Correlating Fitness to Specific Cognitive Functions in Aging

An interesting study here correlates physical fitness to a specific measure of cognitive function and age-related change in brain activity in older individuals. There are numerous mechanisms that might link degree of fitness to the pace of change and neurodegeneration in aging, such as the structural integrity of blood vessels in the brain, which in turn connects to blood pressure, degree to which stiffening occurs in blood vessel walls, and so forth:

A new study shows, for the first time, the direct relationship between brain activity, brain function and physical fitness in a group of older Japanese men. They found that the fitter men performed better mentally than the less fit men, by using parts of their brains in the same way as in their youth. With tasks involving the temporary storage and manipulation of memory, long term memories and inhibitory control, young adults favor the right side of the prefrontal cortex (PFC), while older adults engage both the right and left PFC. In fact, with aging, we tend to use both sides of the PFC during mental tasks, rather than just one. This phenomenon has been coined HAROLD (hemispheric asymmetry reduction in older adults) and reflects the reorganisation of the brain as compensation for reduced brain capacity and efficiency due to age-related structural and physiological decline.

60 older men (aged 64-75 years) underwent an exercise test to measure their aerobic fitness. The men, whose physical fitness was found to vary widely, then performed a test to measure their selective attention, executive function and reaction time. This well-known color-word matching Stroop test involved showing the men words meaning color, such as blue, green, red, but asking them to name the color of the letters rather than read the word itself. When the color of the letters does not match the word - blue, red, green - it takes the brain longer to react. This reaction time is used as a measurement of brain function. Activity in the PFC region of the mens' brains was measured throughout the test.

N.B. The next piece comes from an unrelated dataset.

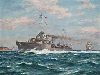 The Chilean Navy's destroyer Serrano in coastal waters
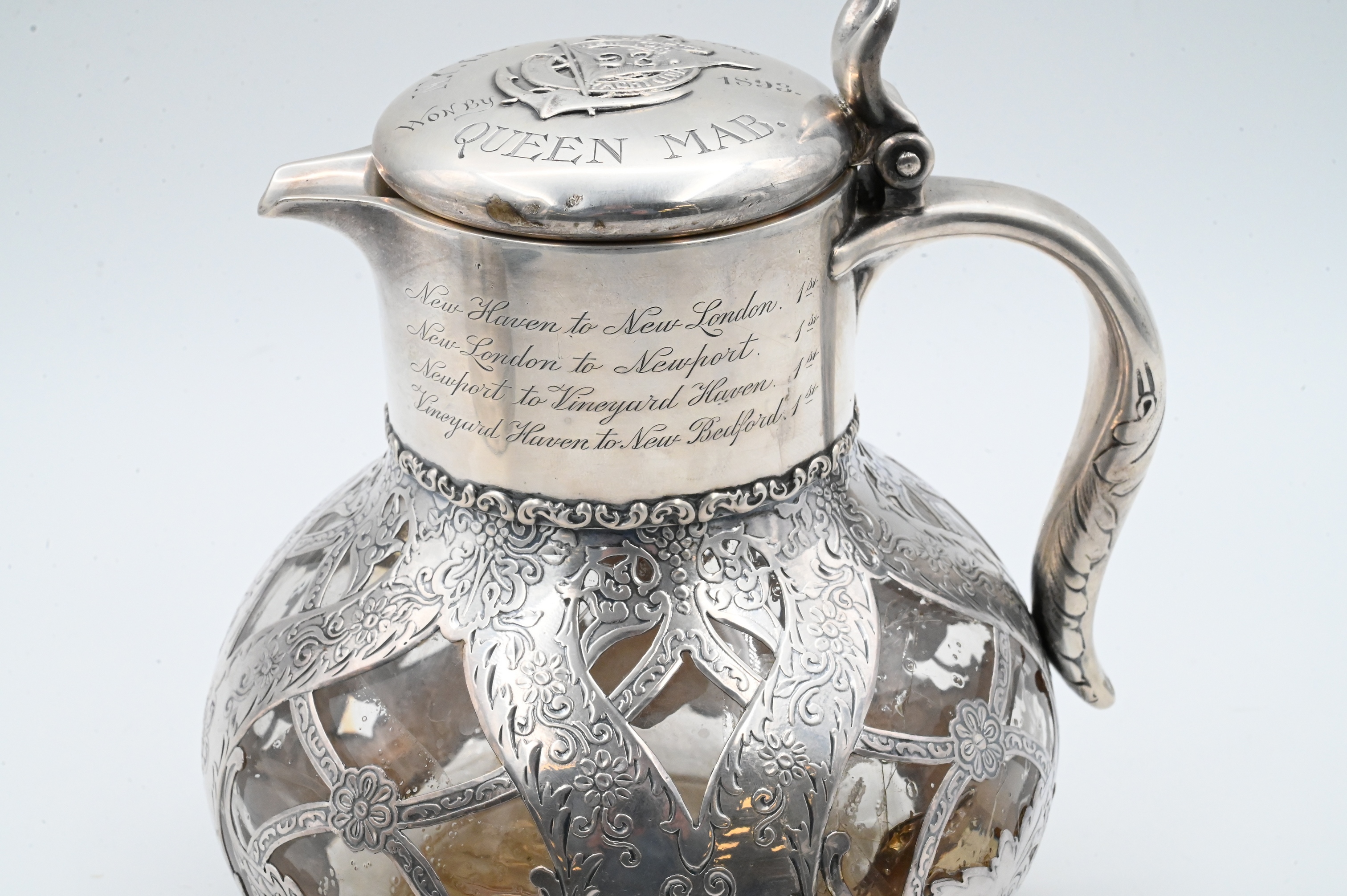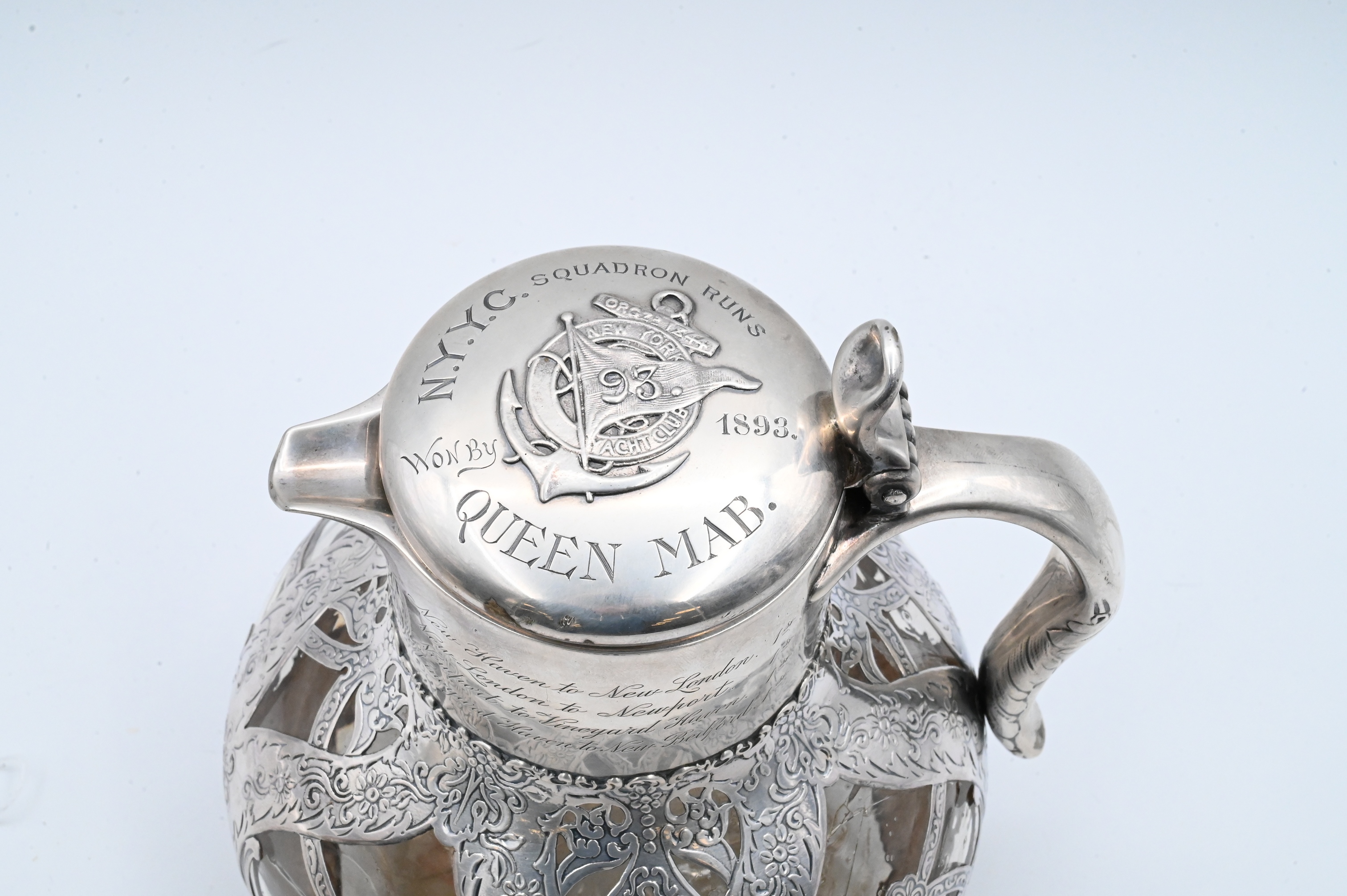 glass body encased in a finely pierced and engraved sterling silver mount with floral and foliate motifs, hinged lid engraved “N.Y.Y.C. Squadron Runs, Won by Queen Mab, 1893” with New York Yacht Club insignia, and side inscription listing race routes from New Haven to New Bedford, marked Whiting Mfg. Co., Sterling, 22891

As predicted for older adults, during the Stroop test both sides of the PFC are active, with no difference between right and left, verifying the HAROLD phenomenon amongst this group of men. Previous studies have shown that young adults favour the left side of the PFC for this task. Analysis of the relationship between brain activity and Stroop reaction time revealed that those men that favored the left side of the PFC while performing the Stroop test had faster reaction times. This indicates that older adults who use the more youth-like, task-related side of the brain perform better in this test. Next, the association between aerobic fitness and Stroop reaction time was analysed. Fitter men had shorter reaction times. Based on these findings, the researchers correctly predicted that higher aerobic fitness would be associated with higher left-PFC activity. In other words, fitter men tend to use the more youth-like side of their brains, at least while performing the Stroop test. "One possible explanation suggested by the research is that the volume and integrity of the white matter in the part of brain that links the two sides declines with age. There is some evidence to support the theory that fitter adults are able to better maintain this white matter than less fit adults, but further study is needed to confirm this theory."